However, Excel *WILL* recalculate formulas with more arguments than
it'll accept on entry if those formulas originated in other
spreadsheets. For example, Lotus 123 happily accepts 40 function
arguments, and will save formulas with that many arguments in its
own .WK4 file format. Excel 2003 and prior will happily load such
files (well, it would before recent 'Security' packs) *AND*
*RECALCULATE* such formulas and even save them in .XLS file format.
It's Excel's formula parser that has the arbitrary limitation, not
Excel's calculation engine.

If you're not getting syntax errors when you try to enter your
formulas, then those formulas themselves aren't the problem.

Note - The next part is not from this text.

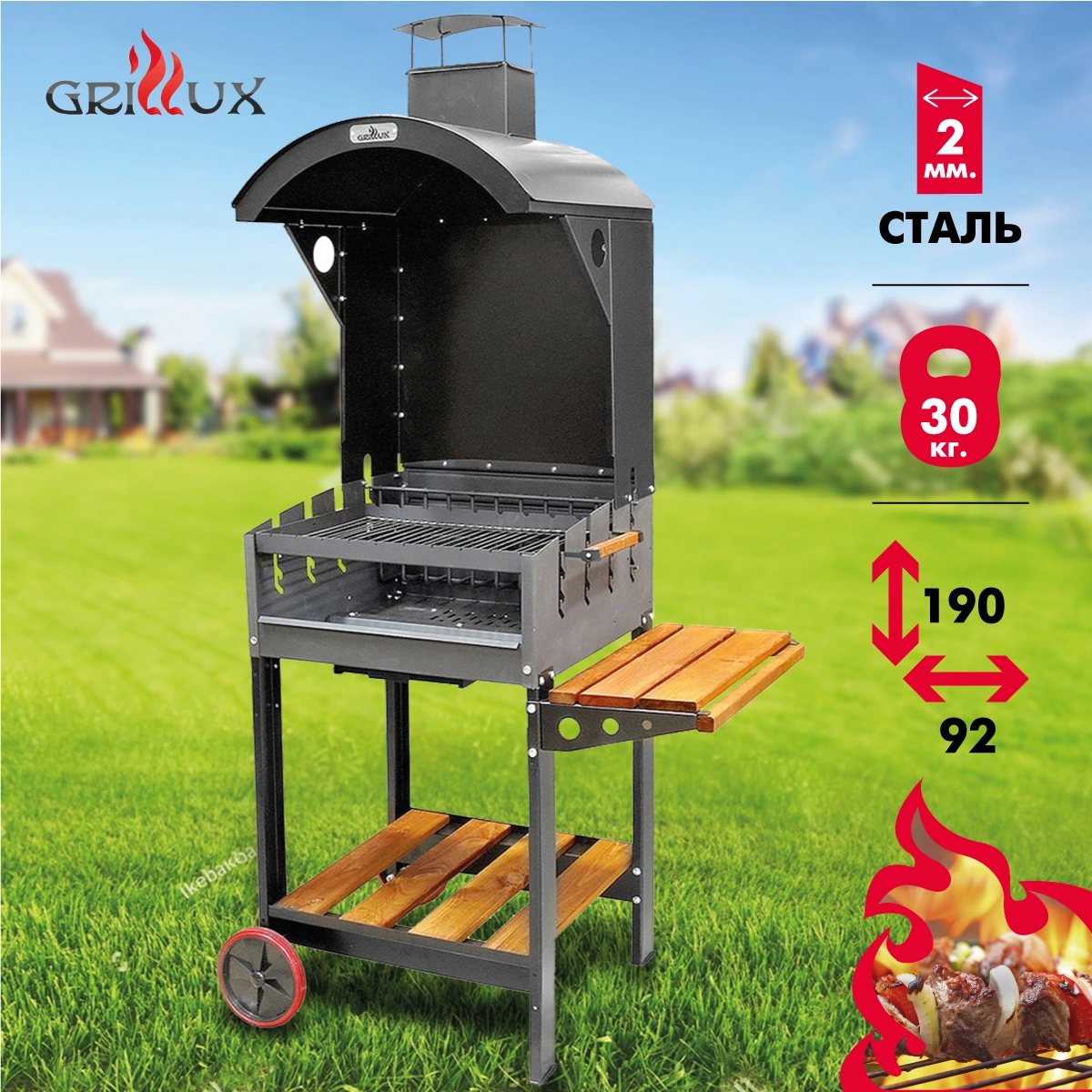 • может быть оборудован крышей с дымоходом (приобретается отдельно)
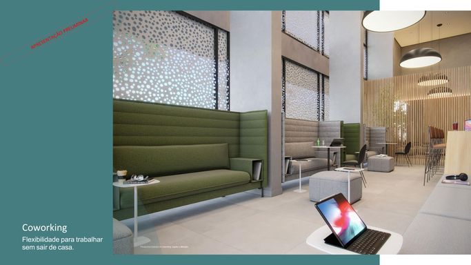 Laser: Coworking / Minemercado / Fitness / Brinquedoteca / Playgroud / Piscina Adulto e Infantil / Bicicletário / Salão de Jogos e Festas

What other formulas are in your spreadsheet? Are your 'data points'
numeric constants or are they formulas? If they're formulas, do any
include RAND() terms? If so, MEDIAN, MODE and RANK might have problems
with volatile data range values. BTW, what do your RANK formulas look
like? Using my simplistic A:A sample data above, if the RANK formulas
are anything like

B1: =RANK(A1,A:A)

then that's almost certainly your problem. If so, it'd be FAR MORE
EFFICIENT to include an additional column for original row number (as
values, not formulas), then sort on the data values column first and
the original row number column second. The sorted order would then be
the rank. Add a rank column containing the new row numbers (again as
values), then resort on original row number. Basically, Excel's sort
algoritm is a variation on QuickSort, so O(N*log(N)), but a single
RANK(A1,A:A) call is O(N), so N such formulas is an O(N^2) process,
which for large ranges would be MUCH SLOWER than O(N*log(N)).